**TASK INSTRUCTIONS:**
Taking the line with "Винтажное мусульманское свадебное" as the first and the line with "1.4D半光直紡滌綸短纖江浙" as the last, set down exactly every line in that range from the entries below, and no more.

**ENTRIES SHOWN:**

[Start of Attachment]

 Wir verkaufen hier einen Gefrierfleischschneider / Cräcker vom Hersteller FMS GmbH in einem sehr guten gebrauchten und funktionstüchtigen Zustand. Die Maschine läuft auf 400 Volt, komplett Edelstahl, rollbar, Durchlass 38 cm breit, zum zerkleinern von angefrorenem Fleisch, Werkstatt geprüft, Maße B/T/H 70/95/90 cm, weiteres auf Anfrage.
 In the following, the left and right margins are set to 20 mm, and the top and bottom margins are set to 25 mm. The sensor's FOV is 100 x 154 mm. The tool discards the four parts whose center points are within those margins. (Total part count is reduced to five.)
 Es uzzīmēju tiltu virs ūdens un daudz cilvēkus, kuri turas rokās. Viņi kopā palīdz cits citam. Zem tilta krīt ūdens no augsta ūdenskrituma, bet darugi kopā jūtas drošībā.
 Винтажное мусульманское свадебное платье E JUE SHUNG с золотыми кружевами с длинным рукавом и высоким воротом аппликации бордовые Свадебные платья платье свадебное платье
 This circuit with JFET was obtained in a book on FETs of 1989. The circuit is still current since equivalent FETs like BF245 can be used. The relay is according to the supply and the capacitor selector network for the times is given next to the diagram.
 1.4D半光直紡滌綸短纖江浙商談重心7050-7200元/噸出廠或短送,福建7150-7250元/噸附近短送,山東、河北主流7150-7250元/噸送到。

[End of Attachment]
[Start of Attachment]

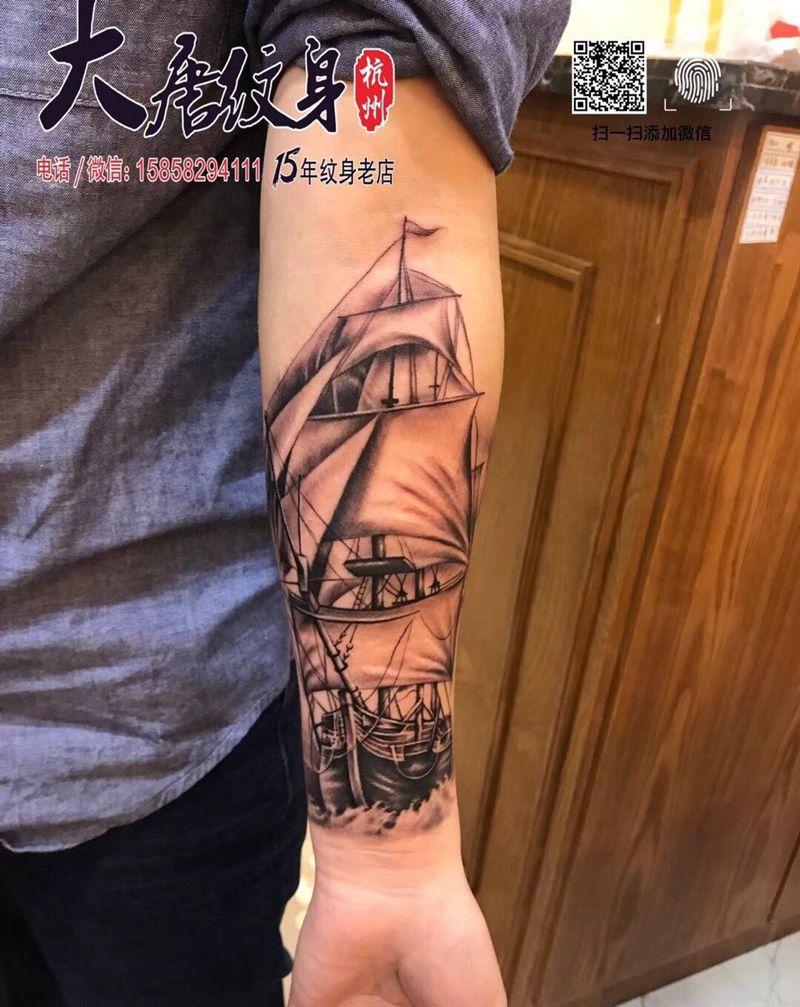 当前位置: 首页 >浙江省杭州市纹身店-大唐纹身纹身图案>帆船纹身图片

[End of Attachment]
[Start of Attachment]

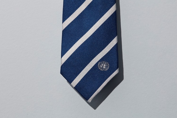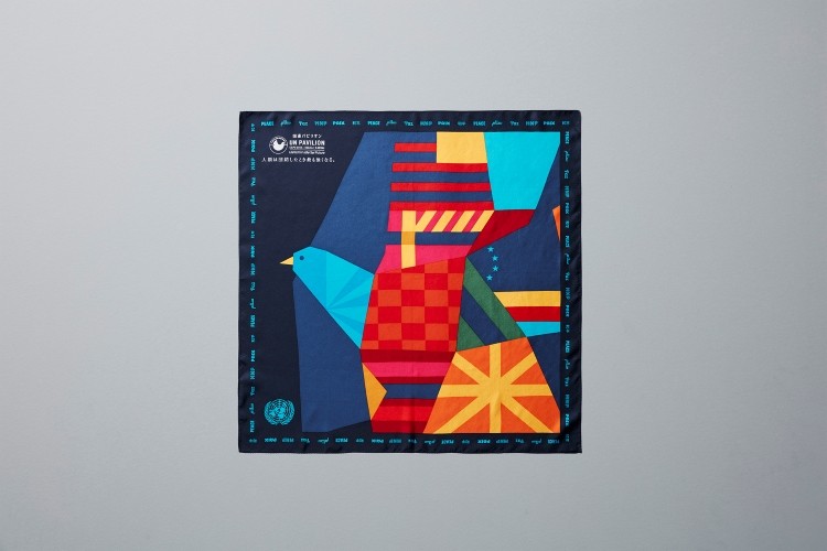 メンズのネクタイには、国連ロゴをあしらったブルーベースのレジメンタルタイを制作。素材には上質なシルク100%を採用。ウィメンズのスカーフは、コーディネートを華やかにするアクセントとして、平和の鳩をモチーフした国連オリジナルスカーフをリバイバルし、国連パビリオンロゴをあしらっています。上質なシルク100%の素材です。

[End of Attachment]

**OUTPUT FOR THIS EXERCISE:**
 Винтажное мусульманское свадебное платье E JUE SHUNG с золотыми кружевами с длинным рукавом и высоким воротом аппликации бордовые Свадебные платья платье свадебное платье
 This circuit with JFET was obtained in a book on FETs of 1989. The circuit is still current since equivalent FETs like BF245 can be used. The relay is according to the supply and the capacitor selector network for the times is given next to the diagram.
 1.4D半光直紡滌綸短纖江浙商談重心7050-7200元/噸出廠或短送,福建7150-7250元/噸附近短送,山東、河北主流7150-7250元/噸送到。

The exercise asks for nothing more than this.